[Stored dataset items]
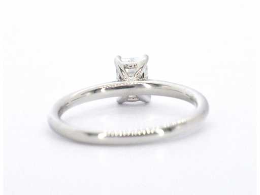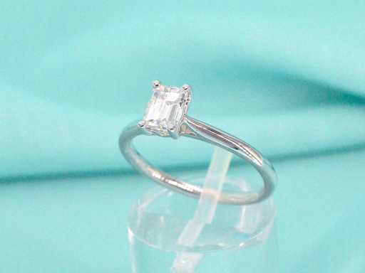 Witgouden ring van 18 carat met een Emerald geslepen diamant van zeer hoge kwaliteit met GIA certificaat
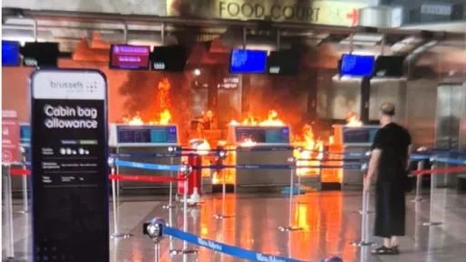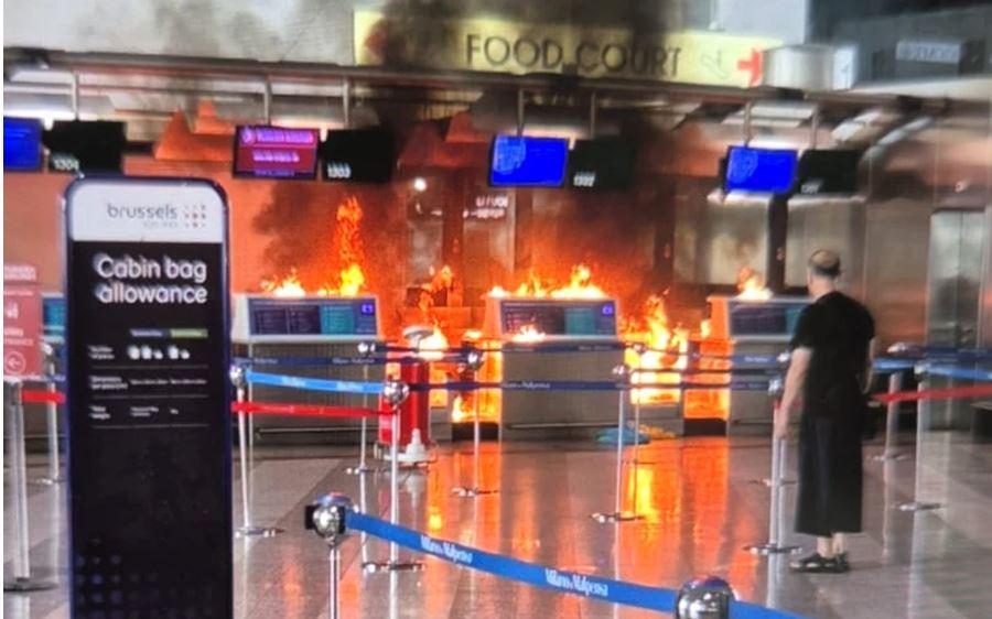 Potrivit martorilor, flăcările au izbucnit la un ghișeu de check-in, în timp ce pasagerii fugiau speriați. Un bărbat a fost surprins lovind cu un ciocan panourile digitale și un panou publicitar din apropierea incendiului. Într-o secvență video, un alt pasager îl confruntă, strigând „culcă-te la pământ” și îl lovește în cap cu un extinctor, reușind astfel să-l imobilizeze până la sosirea poliției.
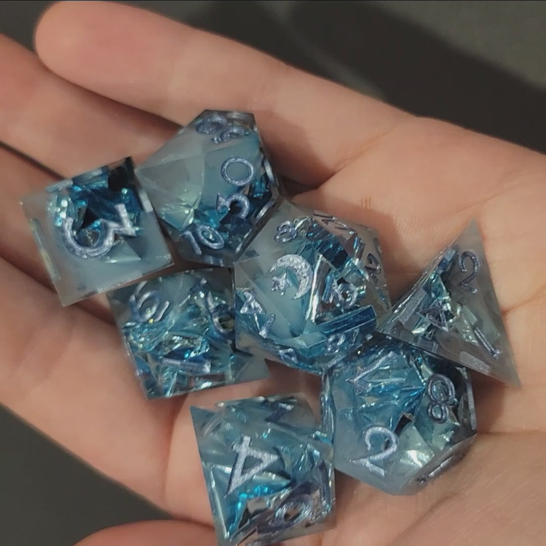 ✦ Blue and white resin with a sparkly core. Designed to look like the embodiment of winter!
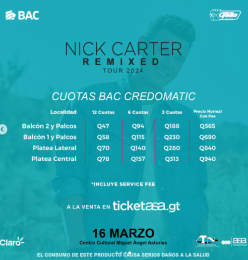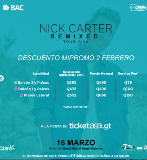 Ya salieron a luz los precios para el concierto de Nick Carter, exintegrante del mítico grupo pop Backstreet Boys en Guatemala.
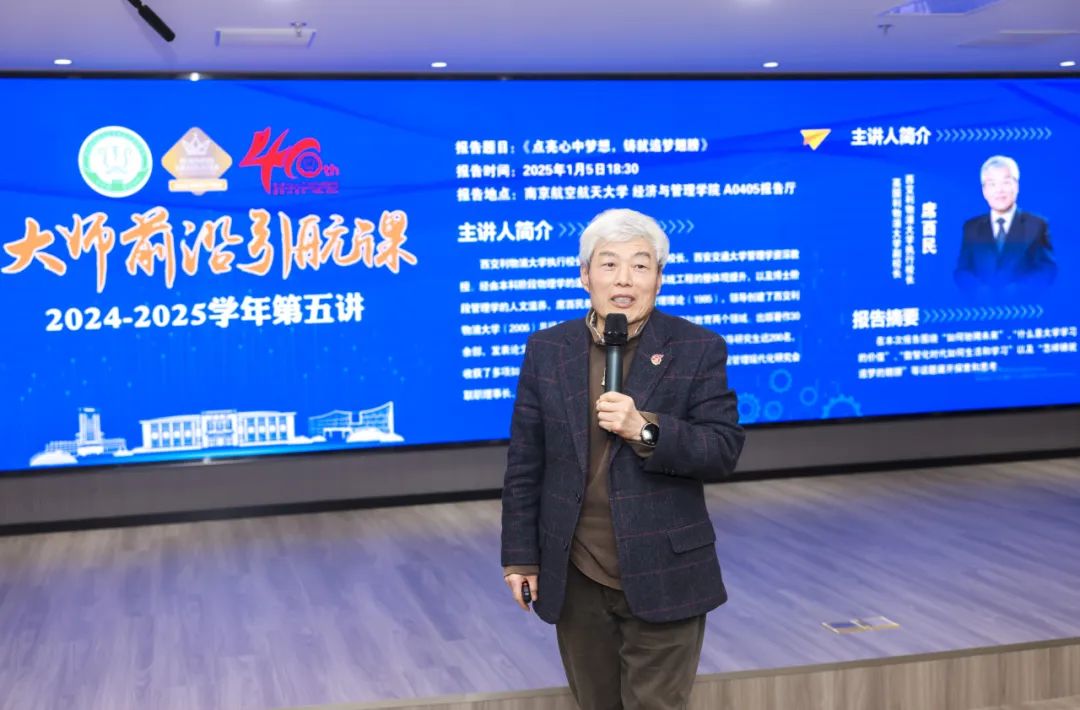 2025年1月5日晚,“大师前沿引航课”第五讲在男人天堂 A0405报告厅举行。本期邀请到西安交通大学原副校长、西交利物浦大学执行校长、英国利物浦大学副校长席酉民教授授课,题目为《点亮心中梦想,铸就追梦翅膀》。男人天堂 150余名师生参加,报告内容在学院视频号同步直播。男人天堂 党委书记苏州主持报告会。

### Exercise description
Although pictures appear among the records above, write out exactly only the lines from the one that has "embodiment of winter!" through the one that has "Ya salieron a", and leave the pictures out.

### Written reply
 ✦ Blue and white resin with a sparkly core. Designed to look like the embodiment of winter!
 Ya salieron a luz los precios para el concierto de Nick Carter, exintegrante del mítico grupo pop Backstreet Boys en Guatemala.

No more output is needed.